C’est une version gothique, pétillante et superbement portée de la Cenerentola qui vient d’être créée à l’Opéra de Nancy, dans une mise en scène de Fabrice Murgia. 

Une Cendrillon maquillée en Mercredi Adams, perchée sur des talons compensés et aux cheveux verts se révèle être l’héroïne de cette nouvelle version du petit chef-d’œuvre de Rossini. Et pourquoi pas, Cendrillonn’est-il pas un conte des apparences ? Ou plutôt de la falsification des apparences ? C’est en tout cas ce que semble être la conviction de Fabrice Murgia tant il offre une lecture décalée, aussi délirante que rafraîchissante de ce dernier opéra-bouffe de Rossini composé, et cela n’a pas échappé à Fabrice Murgia, pour le carnaval de Rome en 1817. C’est donc une Cendrillon carnavalesque qu’il nous offre à sa manière. Nous connaissions le metteur en scène belge en théâtre, sur des sujets graves et d’époque, comme récemment à Avignon la pièce Aaron sur un cyberactiviste. Nous savions aussi qu’il était cinéphile, ayant travaillé lui-même pour le cinéma, notamment en tant qu’acteur. Nul hasard donc qu’il choisisse une approche résolument contemporaine de l’opéra de Rossini. L’idée est simple, transformer le conte de Perrault en nuit grotesque, peuplée de créatures empruntées, explique le metteur en scène dans le programme, à Tim Burton et au cinéma de genre. Mais si les monstres viennent donner aux chœurs l’allure des danseurs de Thriller, les jeux de masques sont aussi là pour mener, au rythme fou de Rossini, un jeu de dupes.  Car là est le nœud de cette comédie douce-amère :  faire tomber les masques, des sœurs et du père de Cendrillon, du prince déguisé en laquais, et enfin de la fille couverte de cendres. Faire vaciller enfin une société d’hypocrites qui se prête aussi bien au siècle de Perrault, qu’à celui de Rossini ou du nôtre. Dans ces lieux de faux-semblants et de farce sociale, nous sommes proches bien sûr du Barbier de Séville.  dont Et dans la musique, se confondent parfois à l’écoute Le Barbier et la Cenerentola, à certains moments de chœur et de virtuosité collective qui font de ces opéras-bouffes des lieux uniques de joie et d’extase musicale. 

Et pour ce Rossini-là, qui fut, souvenons-nous en, le compositeur le plus célèbre dans l’Europe du début du XIXe siècle, il faut une équipe de chanteurs aussi rigoureux, que doués d’un talent comique et d’un sens de la vitesse rare.

Les deux sœurs surgissent les premières, tenant leurs Iphones en miroirs, au gré d’un narcissisme très 2.0.. Quelque temps plus tard, elles feront fureur en latex rouge, ou unies l’une à l’autre en siamoises de film d’horreur.
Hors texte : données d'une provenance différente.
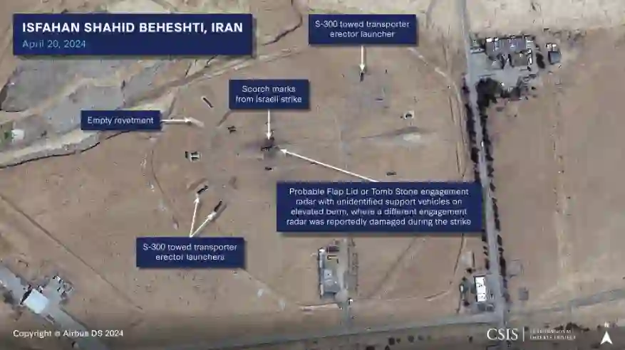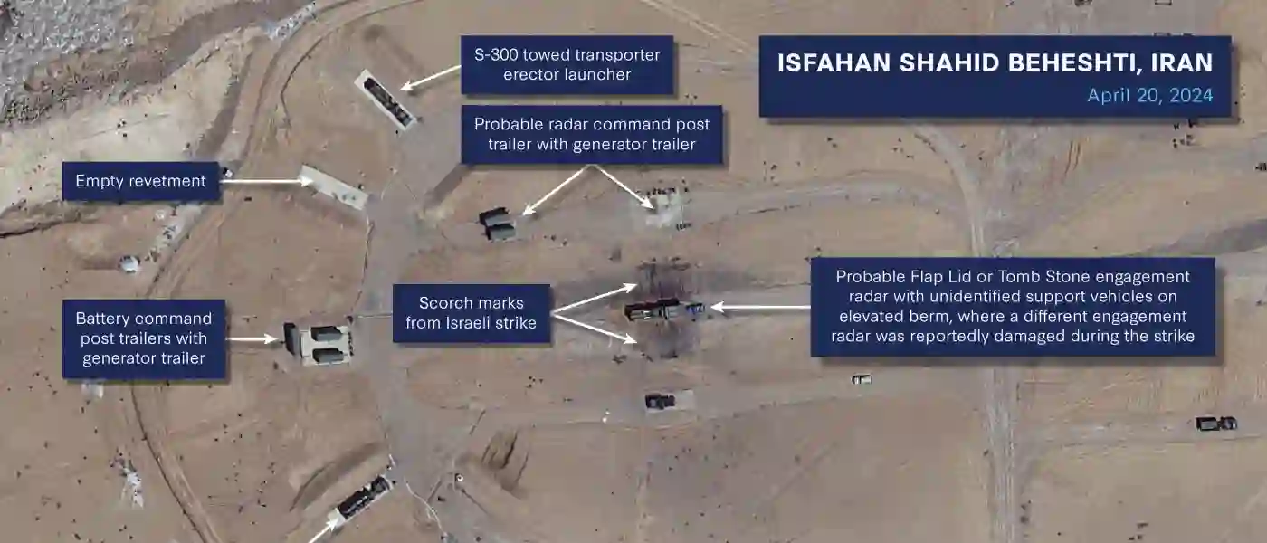 在伊斯法罕造成的破坏规模很小,足以避免这种政治愤怒。这次袭击可能只摧毁了一个 30N6 "襟翼盖 "或 30N6E "墓石 "交战雷达。虽然这比以色列在 4 月 13 日遭受的损失更大,但该系统是可以更换的。卫星图像显示,交战雷达通常所在的位置遭到了破坏。但伊朗似乎在袭击后一天内就更换了受损雷达,尽管商业卫星图像不足以确定该系统是否仍在运行,或者伊朗是否用 96L6E Cheese Board 早期预警和捕获雷达更换了交战雷达,这将使该地点无法运行,同时使德黑兰能够声称袭击没有造成任何损害。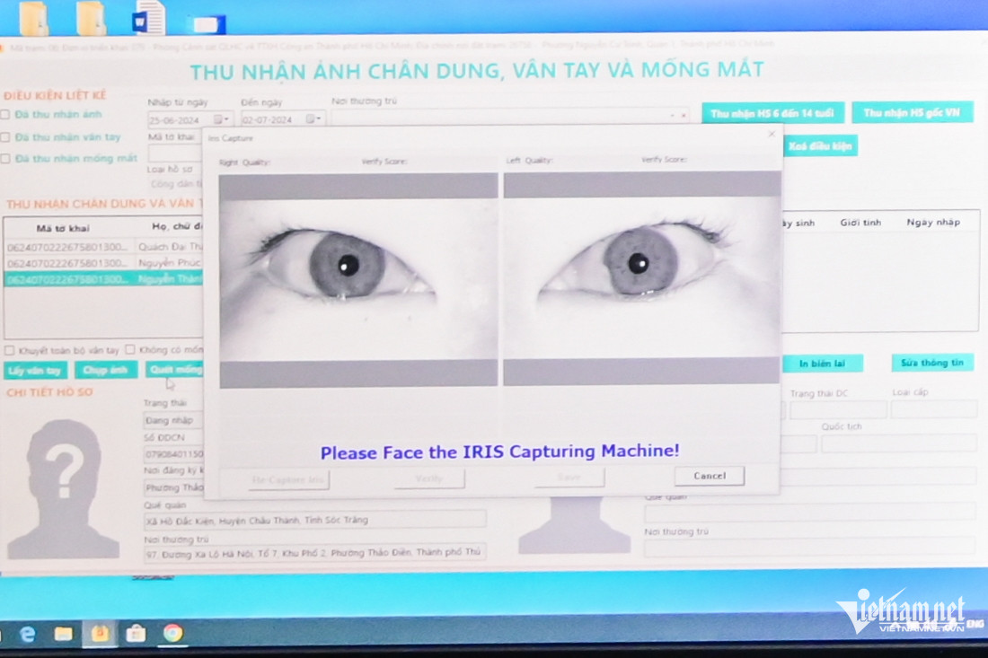 Quy trình này chỉ mất từ 3-5 giây: người dân mở to mắt và nhìn thẳng vào thiết bị quét mống mắt, dữ liệu sẽ được máy ghi lại trên hệ thống.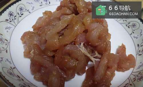 2猪肉切成细条,然后加入料酒少许、食盐、酱油、五香粉腌一下。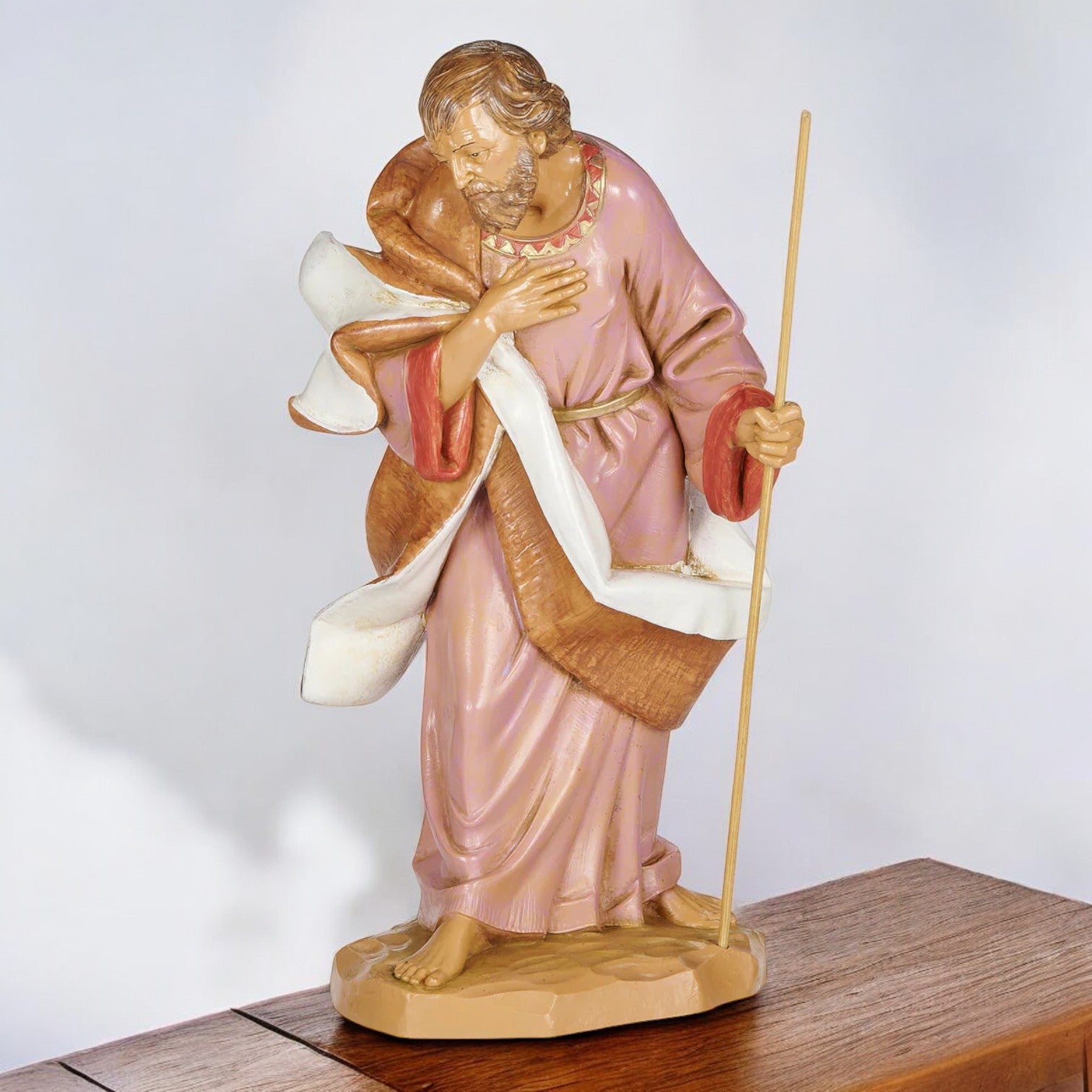 The Joseph Figure reflects the strength and humility of the protector of the Holy Family. Shown standing with staff in hand, his cloak draped over one shoulder, Joseph™s posture conveys both watchfulness and reverence as he gazes toward the Christ Child. Sculpted with lifelike expression and rich detailing, he represents the quiet faith and steadfast care that defined his role in the Nativity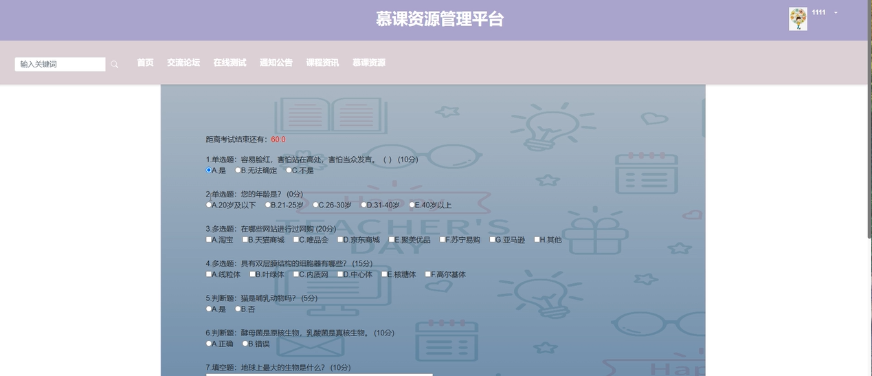在线测试:在线测试模块为用户提供了自主学习和评估的机会。用户可以选择参与在线测试,检验自己对课程内容的掌握情况。平台支持根据不同的学科设置相应的测试题库,并自动评分,帮助用户了解自己的学习进度。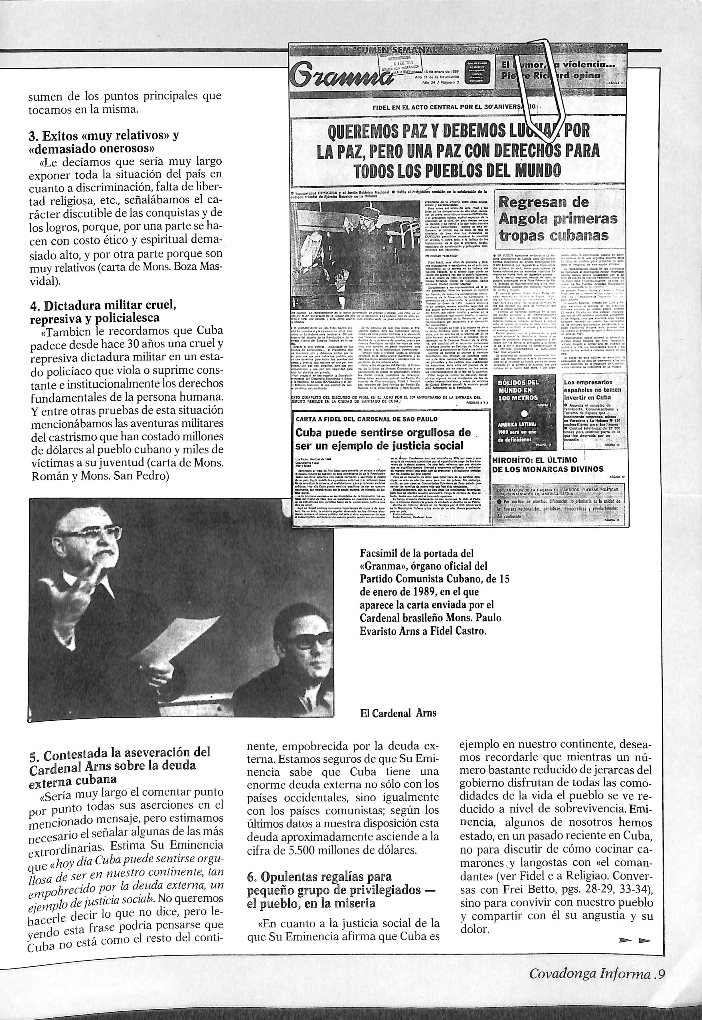 brasileño, Paulo Evaristo Arns, con motivo del treinta aniversario de la revolución cubana, envió una carta al «queridísimo Fidel» en la que decía: «Cuba puede sentirse orgullosa de ser un ejemplo de justicia social.(...) La fe cristiana descubre en las conquistas de la Revolución las señales del Reino de Dios...».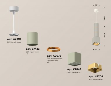 Комплект подвесного светильника XP7842010 SGR/SWH/SGD серый песок/белый песок/золото песок MR16 GU5.3 (A2310, C7423, A2072, C7423, A2072, C7423, A2072, C7842, N7704)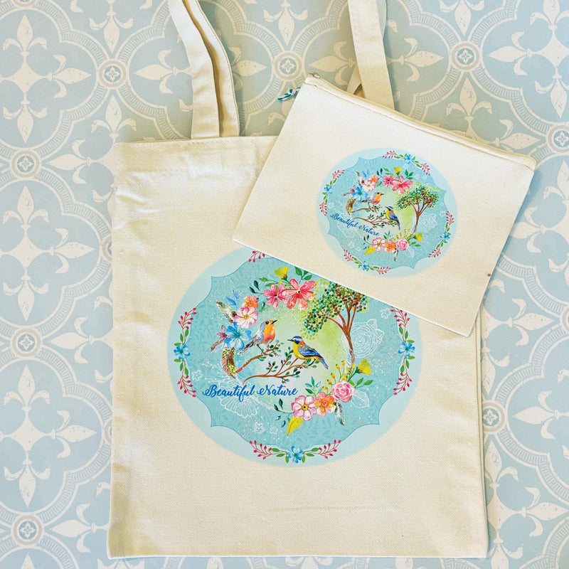 תיק וקלמר תואם מבד- הדפס beautiful nature טורקיז
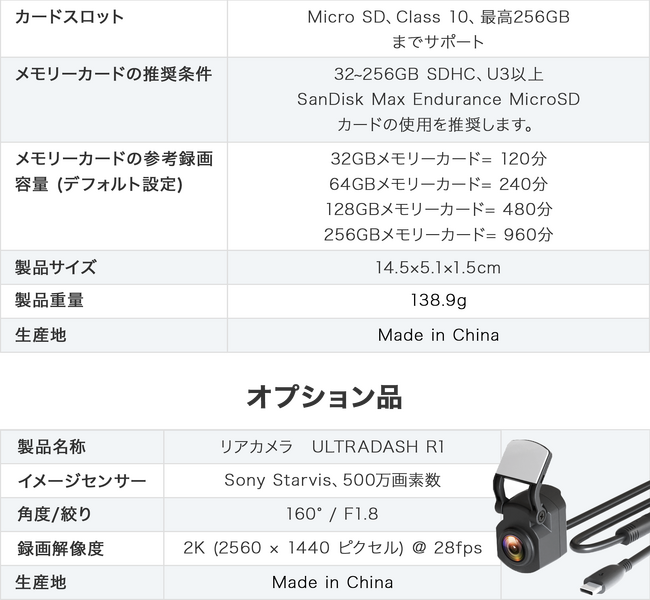 リアカメラを追加することで、3カメラ同時に2K高画質動画を撮影することが可能です。前方と後方、更に車内と3カメラ同時に録画できるため、移動中も常に安心と楽しい気分を保てます。
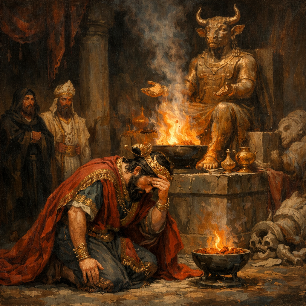 Ahaz burned some of his sons in the fire as an offering to the god Molech. In some cases this involved slaughtering the child and offering him up as a burnt sacrifice; at other times it meant passing the child through the fire without killing him. At the heart of that sort of abomination was self, because the parent was seeking to placate the gods so that it would go well with him. Never mind that it wasn’t going too well with the child! The main thing is my well being, even if it means my child’s pain or death. But it was detestable in God’s sight (Jer. 32:35).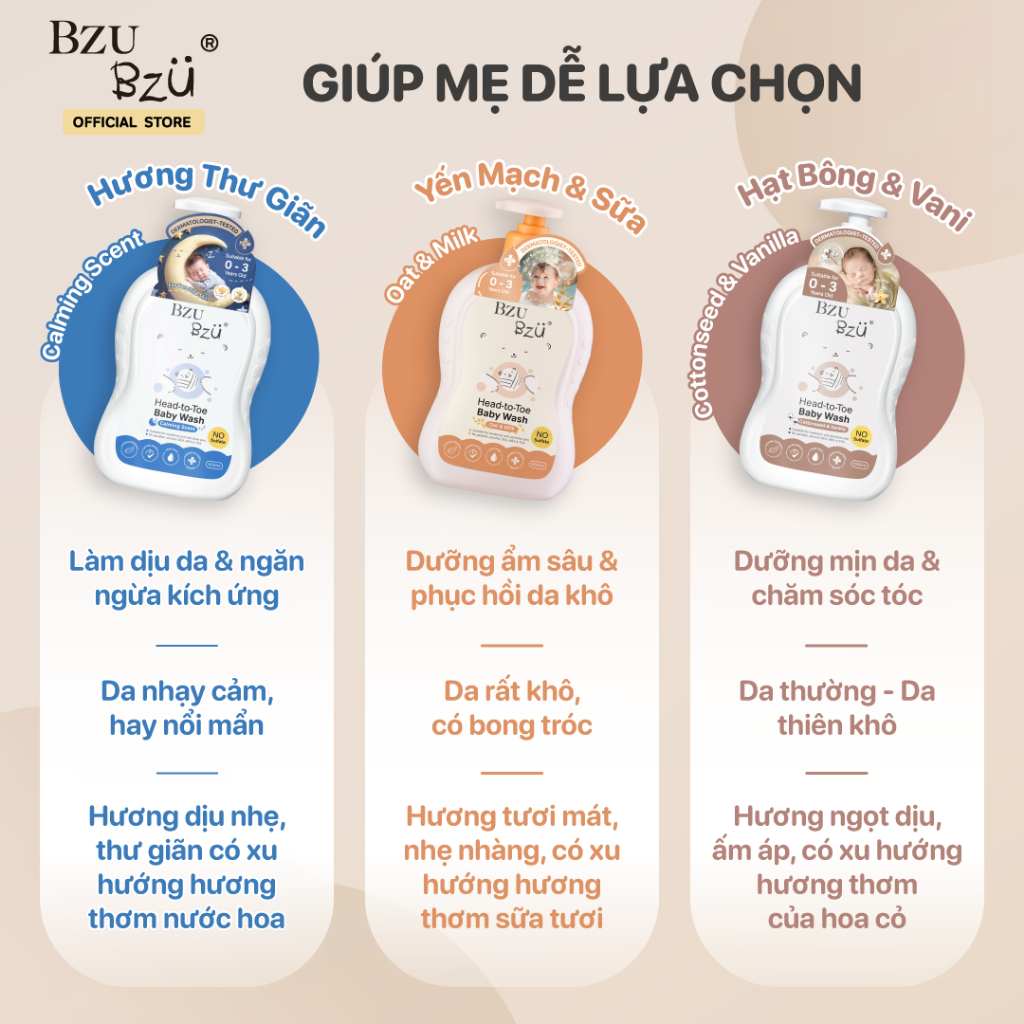 [KOL] Sữa Tắm Gội Toàn Thân Em Bé BZU BZU Baby Head to Toe Wash Oat & Milk Làm Sạch Dịu Nhẹ 600ml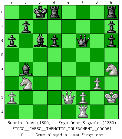 Last move : 0-1 2009 February 3 18:6:52 [Event "FICGS__CHESS__THEMATIC_TOURNAMENT__000061"] [Site "FICGS"] [Date "2008.10.03"] [Round "1"] [White "Buscia,Juan"] [Black "Engo,Arne Sigvald"] [Result "0-1"] [WhiteElo "1800"] [BlackElo "1380"] 1.e4 e5 2.Nf3 Nc6 3.Bc4 Bc5 4.b4 Bxb4 5.c3 Bc5 6.d4 exd4 7.cxd4 Bb4+ 8.Nbd2 Nf6 9.e5 Ng4 10.O-O d6 11.h3 Nh6 12.Nb3 a6 13.Bxh6 gxh6 14.e6 fxe6 15.Bxe6 Bxe6 16.d5 Bxh3 17.Kh2 Bd7 18.Qe2+ Ne5 19.g3 Qf6 20.Nh4 O-O-O 21.Rac1 c6 22.dxc6 Nxc6 23.Rxc6+ Bxc6 0-1 Evans gambit Kingside Castling by player White (move 10) Queenside Castling by player Black (move 20) Player Black won this chess game. Follow this game move after move (download)When you absolutely don't know what to do anymore, it is time to panic. (John van der Wiel) Mutter, ich bin eben Ex-Weltmeister geworden. --beim nach Hause Kommen nach dem Verlust des WM-Titels an Mihail Botvinnik -- (Mikhail Nekhemyevich Tal) Hay dos clases de hombres: aquellos que se conforman en dejarse llevar por las circunstancias y que juegan barajas y aquellos decididos a controlar las circunstancias y que juegan al Ajedrez. (Mortimer Collins) Il (Jacob Murray) ne joue pas pour le bon coup, mais pour le meilleur. (Eloi Relange) First of all, we have to go back to the classical time control. (Anatoly Karpov)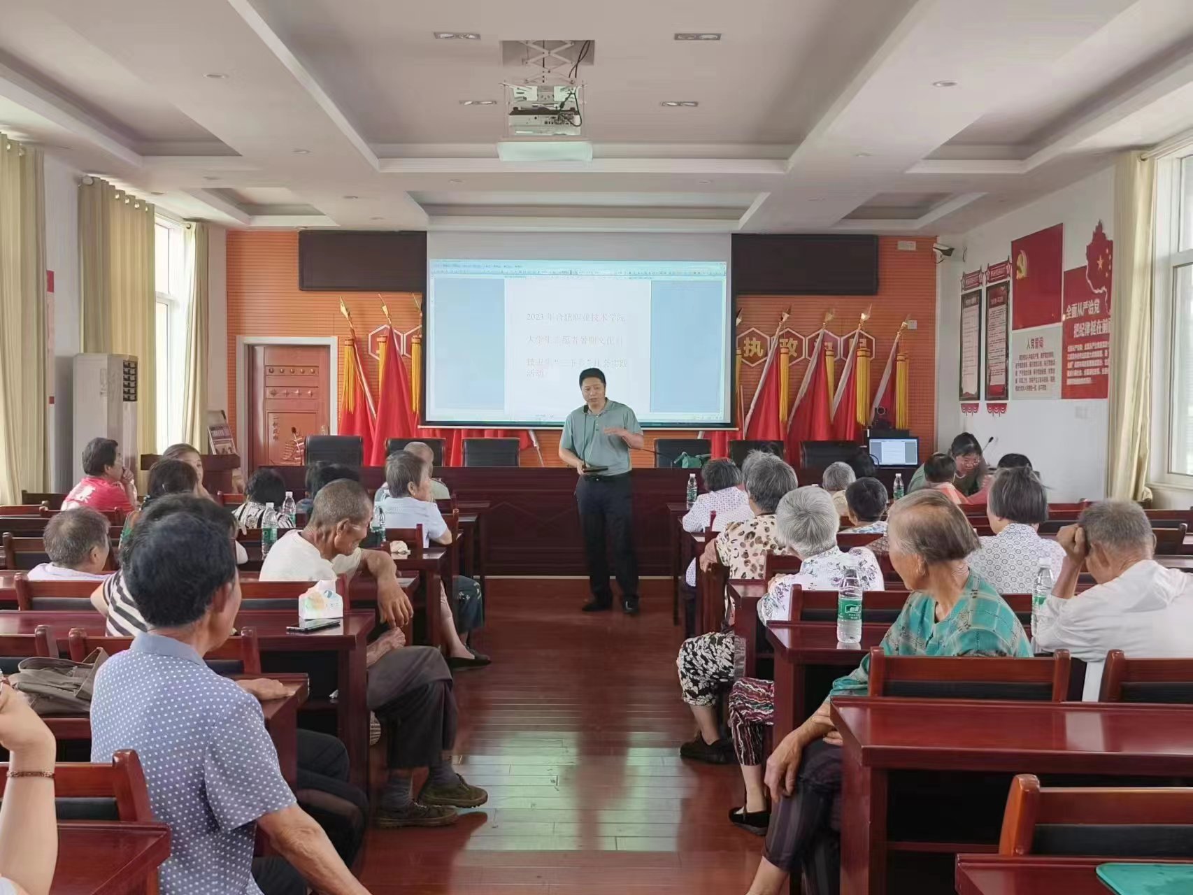 活动开始,合群行政村书记王庆生向老年大学的学员们致以节日的问候,并对合肥职业技术学院师生的到来表示欢迎。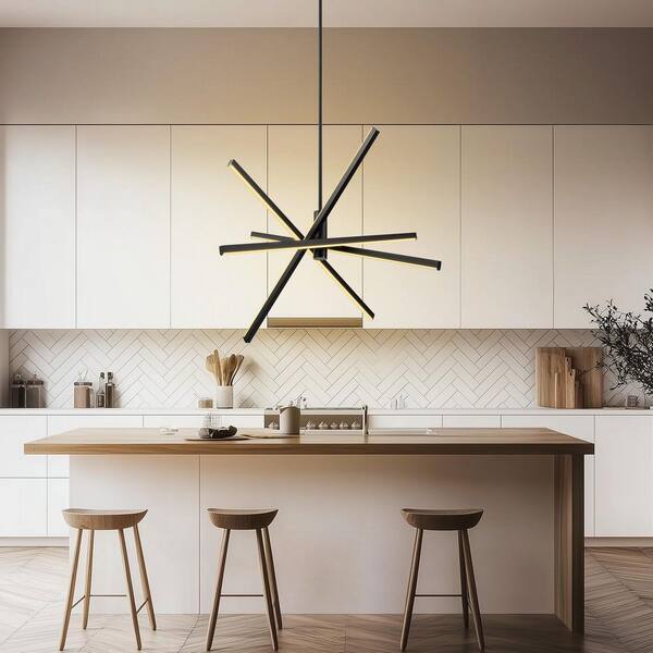 Matte Black LED Pendant Chandelier Dimmable 3000K/4000K/5000K Adjustable Color Temperature for Diningroom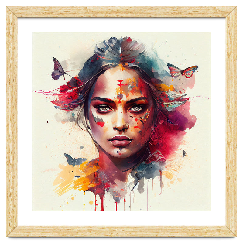 Frontal portrait with a clear bindi and bright butterflies framing the face. Saffron rose and teal sweep across the cheeks while open background preserves clean negative space for crisp large scale display. Refined lines keep an elegant contemporary focus.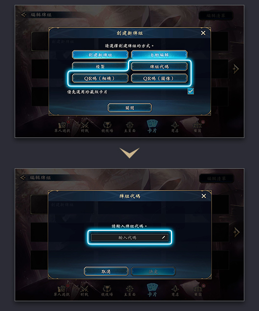 在遊戲中點擊「編輯牌組」後選擇「創建新牌組」按鈕,再透過「輸入牌組代碼」或「QR碼(相機)」讀取對應的代碼,便可導入牌組。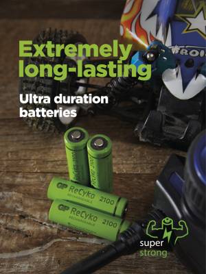 Nabíjacie batérie GP ReCyko sa pýšia extrémne vysokou výdržou. Patia k batériám s najvyššou bežne dostupnou kapacitou na trhu. Vďaka tomu, že vás nesklamú ani pri nadmernej záťaži, si ich obľúbite pri celej rade činností.

Saluons le talent des sopranos Héloïse Poulet et Alix Le Saux qui tiennent leurs rôles de similies Kim Kardashian, tout en maintenant dans leurs chants la fluidité rossinienne. Dans une veine plus attendue, le père, Gyulia Nagy en beauf brutal pourrait être échappé d’un Dino Risi, la cruauté italienne à son maximum, qu’il allie à un chant somme toute bien tenu. Ces trois-là, en infatigables Thénardier burlesques, épousent au mieux une mise en scène qui propose de nouveaux tableaux à chaque instant. Face à eux, le prince et sa cour s’en sortent plutôt bien dans un jeu plus cinématographique.  Tout au long, des caméras filment des détails reproduits dans un miroir rond, au-dessus des chanteurs. Ces images parfois nous échappent ou nous distraient de la musique, saturant cette mise en scène d’un excès de références et de signification. Mais nous l’oublions, tant nous sommes aimantés par la soprano Beth Taylor qui est à l’évidence l’héroïne du spectacle. Elle nous retient par son chant puissant qui suspend la salle à son souffle, notamment dans le dernier acte, en un superbe final de réconciliation. Mais aussi en incarnant de manière neuve ce personnage de Cenerentola, devenue grâce à elle et au parti-pris de Murgia une figure presqu’archaïque dans son refus de toute fragilité. Fille malmenée par l’existence qui permet à la joie de ceux qui l’entourent d’emporter le ressentiment. Nul doute que cette Cenerentola offre une image neuve de notre chère Cendrillon.